You say it’s your birthday. It’s my birthday too, yeah. But that seems too cliché, as great as as the song is. And I’m not old enough for the other classic Beatles aging song, so I decided, what the hell.
It’s my birthday and I can go with any song I want and decided somewhat randomly on one of my favorite obscurish 45s that Pam and I practically wore the grooves out on.
It fits. Music is a huge part of my life – my parents even named me after their song. Daddy was a pianist and a trombone player in dance band, and he played it. We had the sheet music, and I could play it too.
I always found that very romantic, as were my parents. Love the movie, am proud to be named after the song.
As you can see from these pictures, my parents were very young when I came along in 1955. Daddy had just graduated from the U of A with a civil engineering degree and had his first real job, at the Highway Department. We lived on Chester, just a few blocks from the LollyPop house, when I was born a couple of months after their birthdays.
Daddy turned 22 in July and Mother turned 20. (I got my first German Shepherd – Trigger – at 20. Didn’t have Ben until two months after my 23rd birthday. Old for my family back then.)
Mother used to walk me in my stroller down Roosevelt to my great aunt’s house on Howard Street, right next to the State Fair Grounds and Barton Coliseum, where I would later attend many, many concerts. You could do that back then; it was safe. Seriously.
I had my first birthday in Dallas, where we lived for a while when my dad changed jobs. Then El Dorado, then back to Little Rock, on Durwood. That was where at 4 I just knew I’d broken my finger when I fell on the ice Mother had specifically told me not to play on. (I didn’t mind well). It was only jammed, but it took her a long time to convince me of that.
That house had a cute red door. I had good times there. It’s now a parking lot.
Kindergarten was in Fort Smith. (There’s that “True Grit” thing again. And, yes, we moved around a lot until settling in North Little Rock for my first through 12th grade.) A one-armed boy knocked one of my teeth out in class one day. Seriously. And I remember getting a serious shock from my red-and-white record player in my bedroom and screaming, “I’m electrocuted” over and over. Mother finally made me understand that, no, I did NOT get electrocuted (wouldn’t be here to tell the tale, would I?), I’d been shocked.

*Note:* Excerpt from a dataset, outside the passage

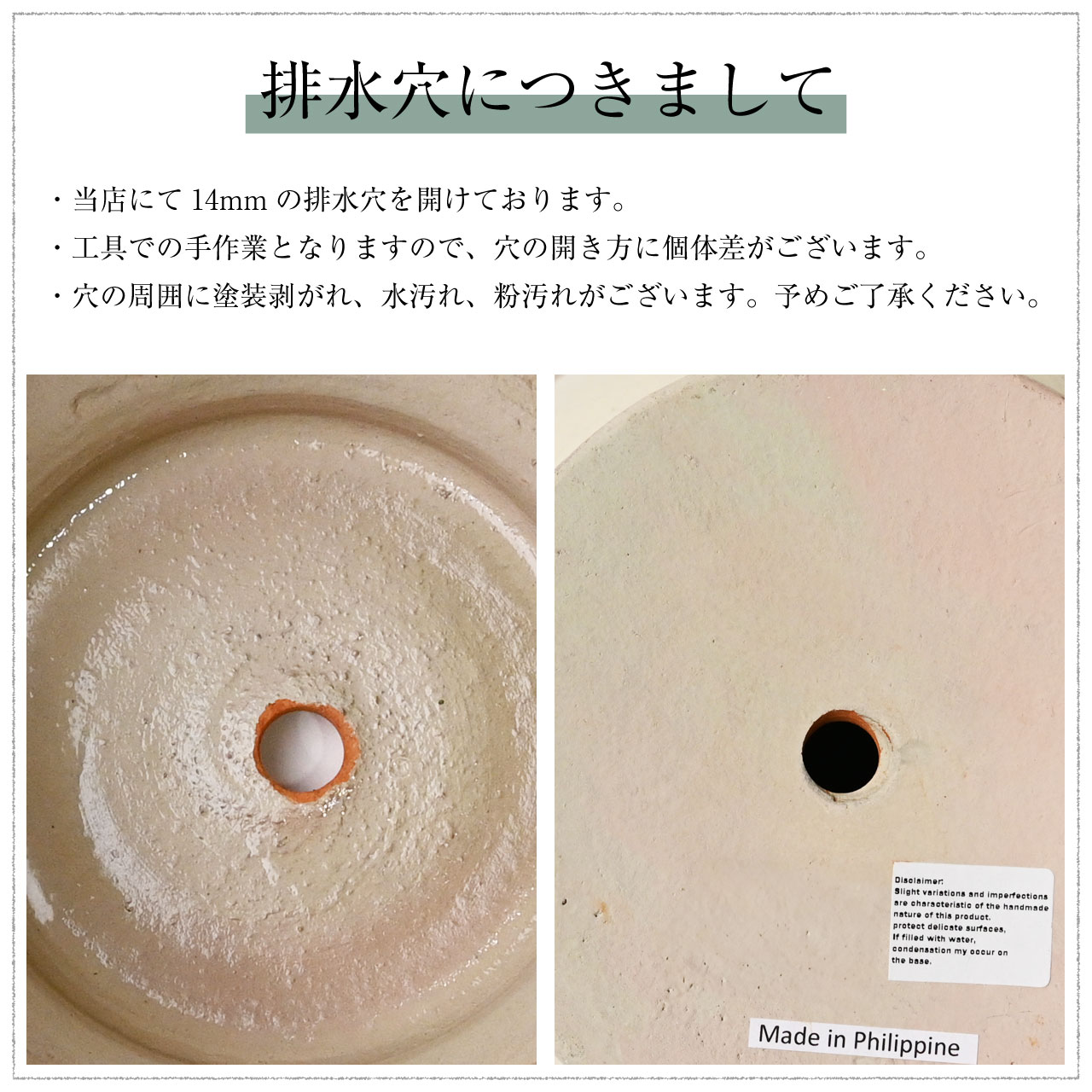 底面は当店にて14mmほどの排水穴を開けておりますので、直接植え付けてご使用いただけます。
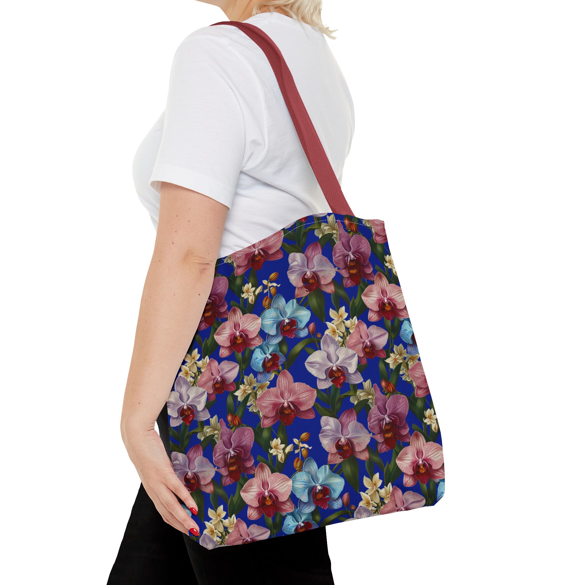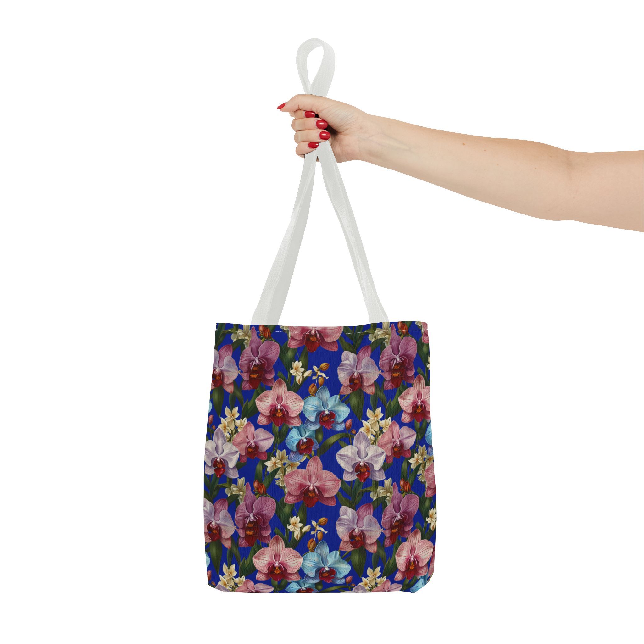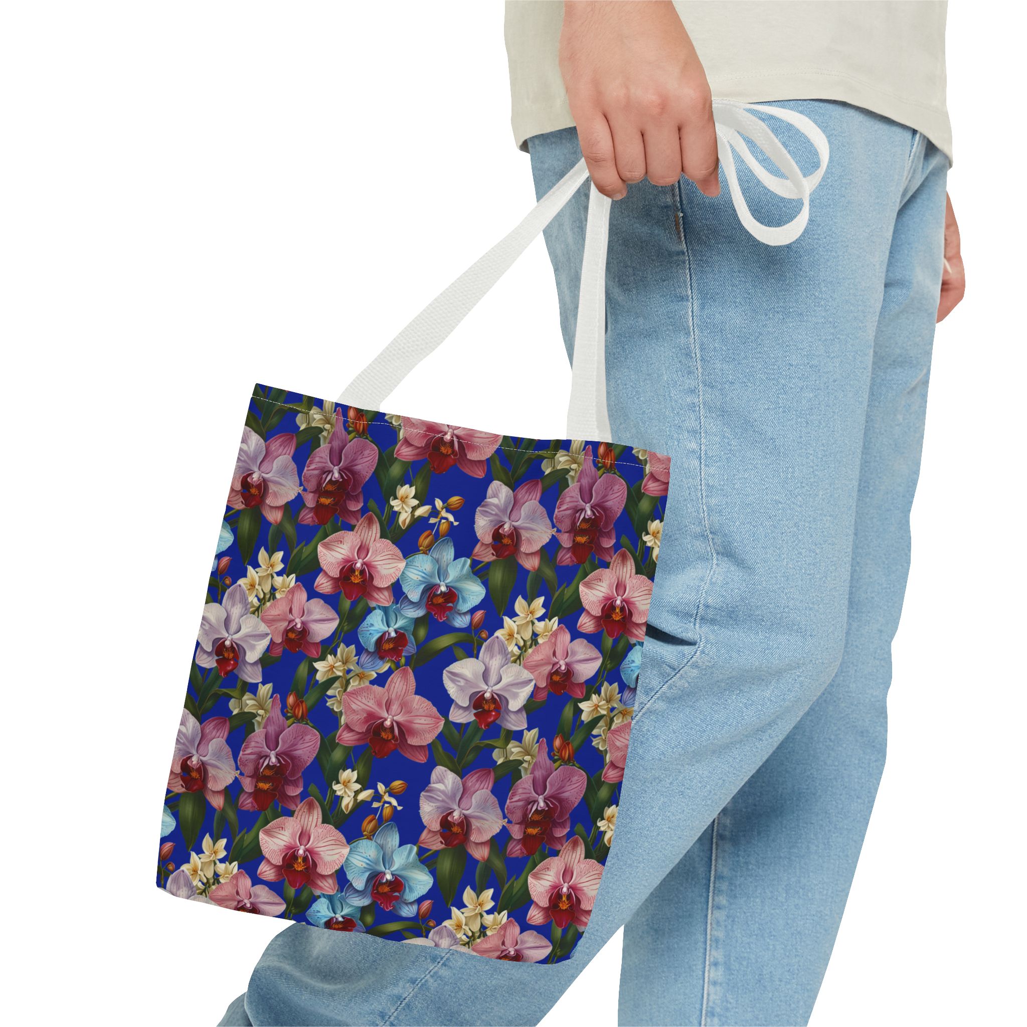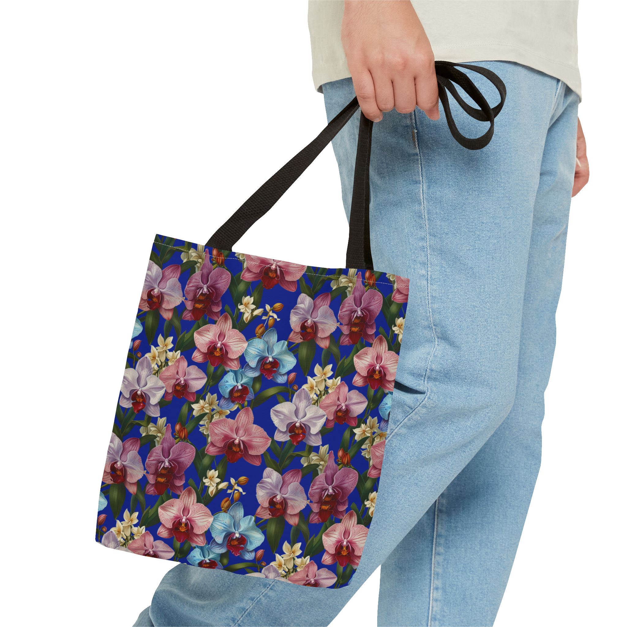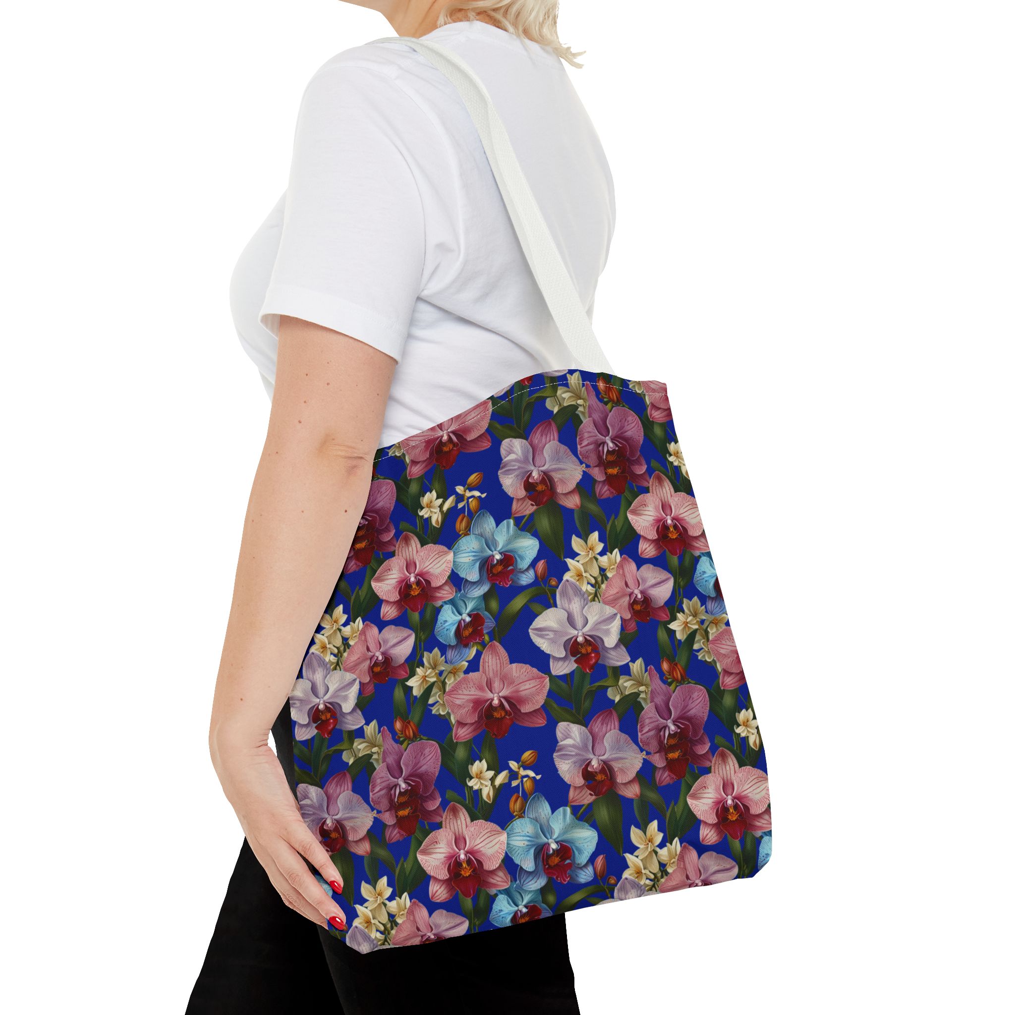 Crafted for both comfort and durability, the cotton webbing straps make carrying effortless all day long. Reinforced double-stitched seams on the Wild Orchids Tote Bag ensure it stands up to consistent use. The eye-catching orchid print on an electric blue background offers a bold, contemporary aesthetic, with a choice of handle colors to add your personal touch. Perfect for daily errands or a sunny getaway, this tote infuses your lifestyle with a vibrant, expressive style.

So I’ve always had a flair for drama.
I also sang some song about eskimos on a local kid’s TV show (don’t ask me why) and shook Clint Walker’s hand at the rodeo, he of “Cheyenne”. Be still, my 5-year-old heart. (But my heart really belonged to Bat Masterson and Paladin, then later Rowdy Yates and, I’ll admit it, Lucas McCain (well, actually his son).
But I lived and breathed “American Bandstand.” If it had a good beat and you could dance to it, I was down with it. Literally, seated on the floor in front of the TV. (Yeah, yeah, it’ll hurt my eyes to sit so close.) One of my earliest memories is watching saddle oxfords doing the stroll to Fats Domino’s “Walking to New Orleans.” I must’ve been 2.
I even got my nickname when I was young from a song, and that’s where John and I got our grandparent names now that we’re old. Mother sang it a lot. That was just one of the songs she sang. Our house was filled with music. All of them were.
So is my heart.
I don’t mind being 56 – I’m glad to be here. Lots of good people I’ve known and loved didn’t make it that long. So hooray for birthdays, hooray for being oldish. And hooray for rock ’n’ roll and all the other great music that makes life so pleasurable.
I said earlier that “Ride, Captain, Ride” was chosen somewhat randomly. It’s partly by design. My beloved John, Pop to my Lolly, once set out sailing from San Francisco Bay, and, fortunately, that led him, in a long convoluted way, into my life. And he’s one of the best presents I’ve ever gotten.
And for my son-in-law Brent, here’s another version.
Happy birthday, Allison, Debbie and Ron, my fellow 9/14thers.